Serowe, 4 de Abril del 2004.
Botswana, Sur de África.
Queridos y heroicos compatriotas: Antonio, René, Fernando, Gerardo y Ramón.
A pesar de la arrogancia y prepotencia cada ves más descarada y trágica del “Imperio”, se palpa y se siente que cada día que pasa se hace más evidente que a ese inmenso poderío económico, político y militar (el mayor en la historia de la humanidad) le van quedando menos asideros de donde agarrarse para mantener engañados a miles de millones de personas en el mundo con su modelo neoliberal, basado en un capitalismo salvaje con una sociedad de consumo que lo que en realidad ha conseguido es triplicar la brecha existente entre ricos y pobres, la pobreza extrema, el endeudamiento, el analfabetismo, los conflictos internos en los países pobres; todo lo cual constituye, y es su objetivo, un “excelente caldo de cultivo” para llevar a cabo sus planes de dominación hegemónica mundial.

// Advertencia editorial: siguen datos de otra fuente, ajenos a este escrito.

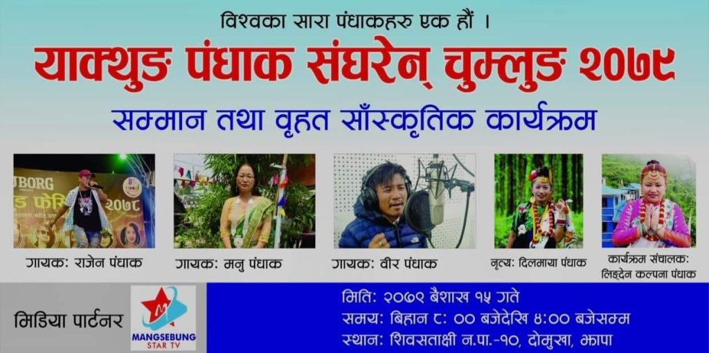 कार्यक्रममा याक्थुङ पंधाक संघ केन्द्रीय महासचिव नारायण पंधाक, भारत सिलीगुरी क्याप्टेन कृष्ण बहादुर पंधाक, पंधाक चेली पदमदेवी पंधाक लगायतले शुभकामना मन्तव्य राखेका थिए ।

La situación actual, como lo viene planteando Fidel desde hace algún tiempo, se ha hecho insostenible e insoportable.
A la abnegada y valiente resistencia de nuestro pueblo por más de 45 años, que constituye faro y esperanza para millones de personas, se suman gobiernos, pueblos de nuestra América y otras partes del mundo. Estos han optado por la búsqueda de alternativas más viables para terminar de una vez y por todas con los graves problemas que por siglos de sufrimiento llevan a sus espaldas.

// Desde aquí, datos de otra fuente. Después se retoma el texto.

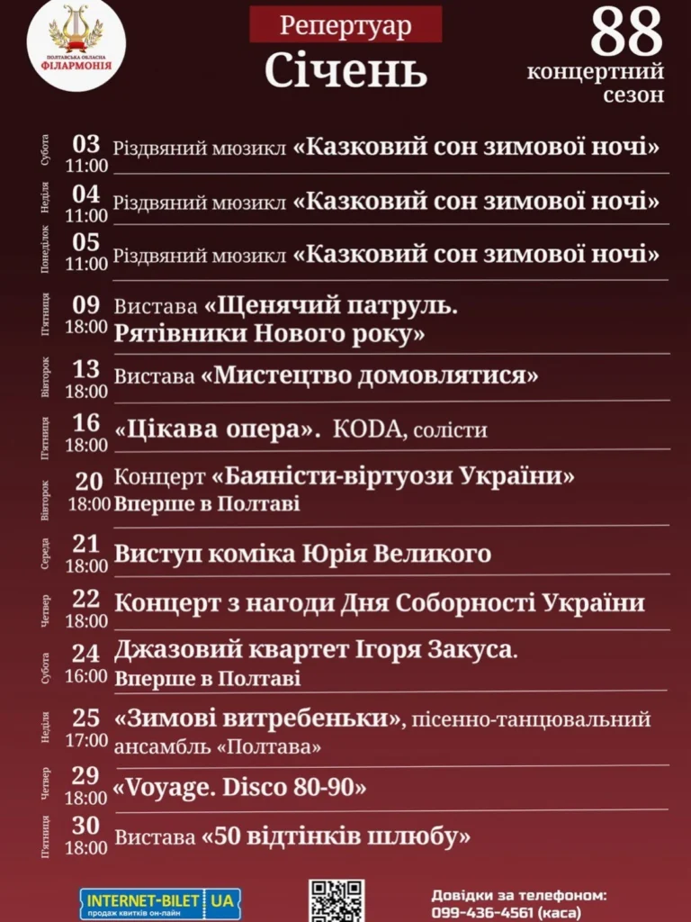 Полтавська обласна філармонія оприлюднила репертуар на січень
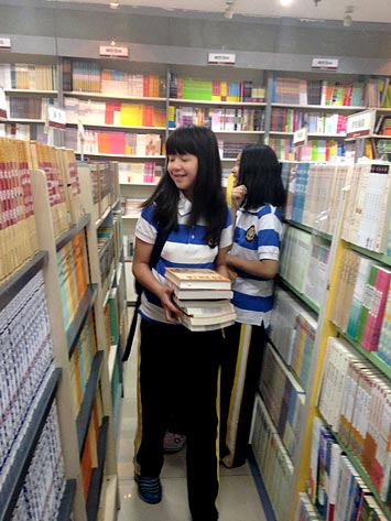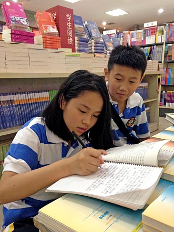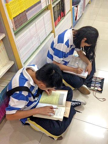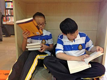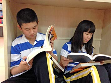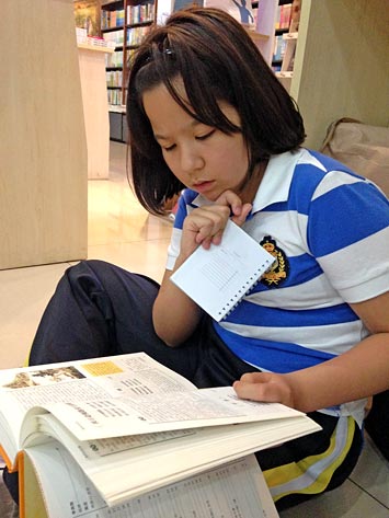 一來到書城,興奮的同學們立刻分組行動,各自找到跟讀書報告主題相關的區域,仔細翻閱書籍,查找相關資料,并將有用的信息抄寫在早已準備好的筆記本上。

Ustedes compatriotas, son parte de este pueblo que los admira y respeta no solo por lo que representan sino par ese sentimiento humanista de solidaridad y amor a los demás; sentimiento que se ha ido desarrollando desde inicios de nuestro proceso revolucionario y que gracias al triunfo de este y a sus programas a favor de todos los pueblos pobres del planeta es que en la actualidad miles de profesionales de la salud, técnicos, entrenadores deportivos, maestros, entre otros, se encuentran prestando ayuda desinteresada de muy alta y probada calidad en más de 65 países del tercer mundo. No están masacrando vidas con bombardeos y guerras prevenibles. Están salvando vidas, educando, mejorando la calidad y expectativa de vida a millones de seres humanos, sin más interés de convertirlos en personas ! sanas, alegres, instruidas, ese constituye nuestro único objetivo.

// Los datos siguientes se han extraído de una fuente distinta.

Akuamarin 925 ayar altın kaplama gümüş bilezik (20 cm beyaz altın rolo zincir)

Los integrantes de la Brigada Médica Cubana que constituye la avanzada de un proyecto de nuestro Comandante en la Asamblea General de las Naciones Unidas hace tres años, donde planteó la disposición de Cuba de cooperar con personal médico y técnico altamente calificado a la lucha contra la pandemia del SIDA en África, nos encontramos prestando nuestro servicio en la Villa Serowe, Subdistrito Serowe/Palapye, en Botswana, país con casi un 40% de la población infectada por el VIH y con una expectativa de vida de 39 años.
Les decimos que nos sentimos profundamente orgullosos y honrados de estar representados por la heroica y valiente conducta de ustedes. Pueden estar convencidos de que nunca los defraudaremos, nosotros y nuestro pueblo cubano, partido y gobierno defenderemos siempre la noble causa por la que han dado la vida muchos de nuestros compatriotas.
La verdad se abrirá paso, de hecho cada día, cada hora, cada minuto, son más las personas que en el mundo conocen y repudian la tremenda injusticia con ustedes cometida y se solidarizan con su causa.
Incapaces ya de engañar y amenazar a todos porque sencillamente son “huérfanos de ideas”, los promotores de este neoliberalismo y sus aliados seguirán hundiéndose cada vez más en el estercolero de la historia.
¡Adelante compatriotas!
¡ La victoria es nuestra, seguimos en combate!
Revolucionariamente:
Integrantes de la Brigada Médica Cubana en Serowe, Botswana, África.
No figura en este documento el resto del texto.